* [REQUIRED WORK]: All pictures are to be omitted while the lines starting at the line with "10月16日下午,马克思主义" and ending at the line with "특히 다우오피스 경영" in the material below are retyped exactly, both ends included.
··· TASK INPUTS
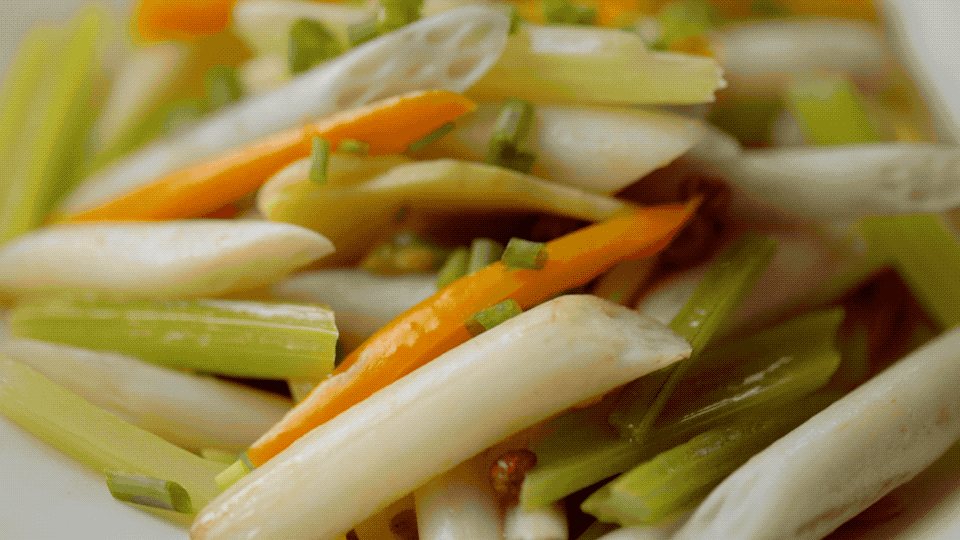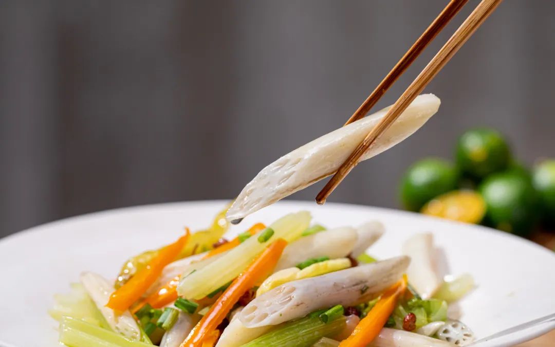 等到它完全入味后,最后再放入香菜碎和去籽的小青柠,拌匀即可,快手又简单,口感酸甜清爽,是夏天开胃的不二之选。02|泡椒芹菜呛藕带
······
··· TASK INPUTS
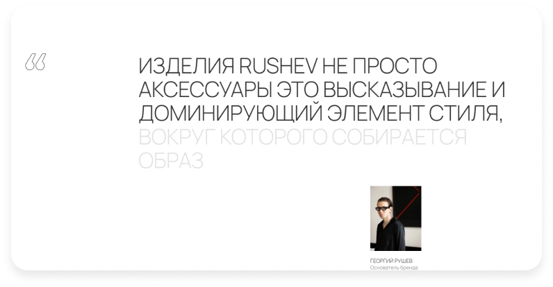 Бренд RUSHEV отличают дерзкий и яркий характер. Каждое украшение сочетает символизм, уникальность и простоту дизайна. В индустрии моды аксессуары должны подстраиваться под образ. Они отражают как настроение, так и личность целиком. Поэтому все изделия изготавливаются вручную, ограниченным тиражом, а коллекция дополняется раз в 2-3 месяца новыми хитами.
······
··· TASK INPUTS
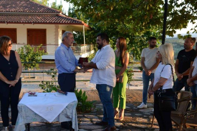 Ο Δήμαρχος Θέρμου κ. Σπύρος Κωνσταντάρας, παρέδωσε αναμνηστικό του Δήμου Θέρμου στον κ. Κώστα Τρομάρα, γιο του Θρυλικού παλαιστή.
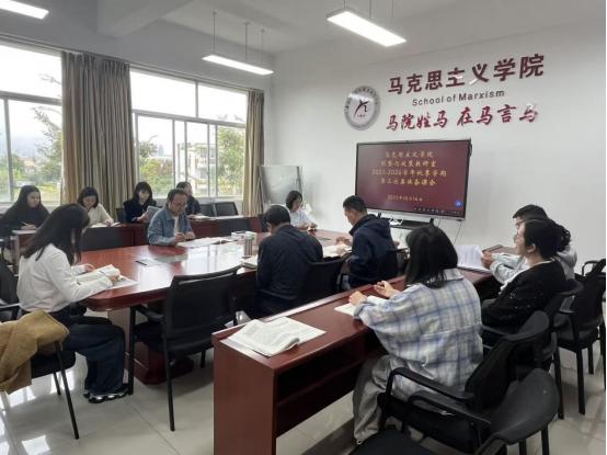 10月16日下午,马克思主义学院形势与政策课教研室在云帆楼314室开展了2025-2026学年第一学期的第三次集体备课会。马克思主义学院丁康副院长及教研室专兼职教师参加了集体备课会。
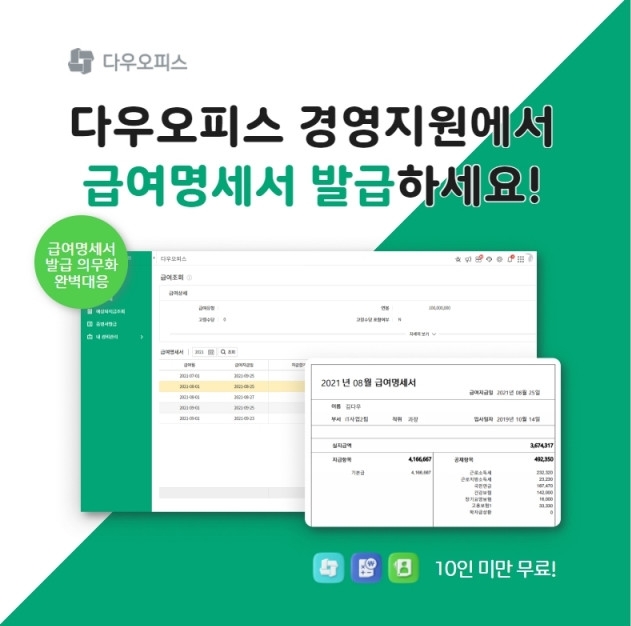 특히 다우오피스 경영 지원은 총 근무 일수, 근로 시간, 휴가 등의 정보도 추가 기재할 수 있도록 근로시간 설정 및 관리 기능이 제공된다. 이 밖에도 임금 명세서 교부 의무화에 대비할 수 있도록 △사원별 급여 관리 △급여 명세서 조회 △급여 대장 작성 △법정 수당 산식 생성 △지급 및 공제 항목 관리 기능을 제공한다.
······
* [EXPECTED ANSWER]:
 10月16日下午,马克思主义学院形势与政策课教研室在云帆楼314室开展了2025-2026学年第一学期的第三次集体备课会。马克思主义学院丁康副院长及教研室专兼职教师参加了集体备课会。
 특히 다우오피스 경영 지원은 총 근무 일수, 근로 시간, 휴가 등의 정보도 추가 기재할 수 있도록 근로시간 설정 및 관리 기능이 제공된다. 이 밖에도 임금 명세서 교부 의무화에 대비할 수 있도록 △사원별 급여 관리 △급여 명세서 조회 △급여 대장 작성 △법정 수당 산식 생성 △지급 및 공제 항목 관리 기능을 제공한다.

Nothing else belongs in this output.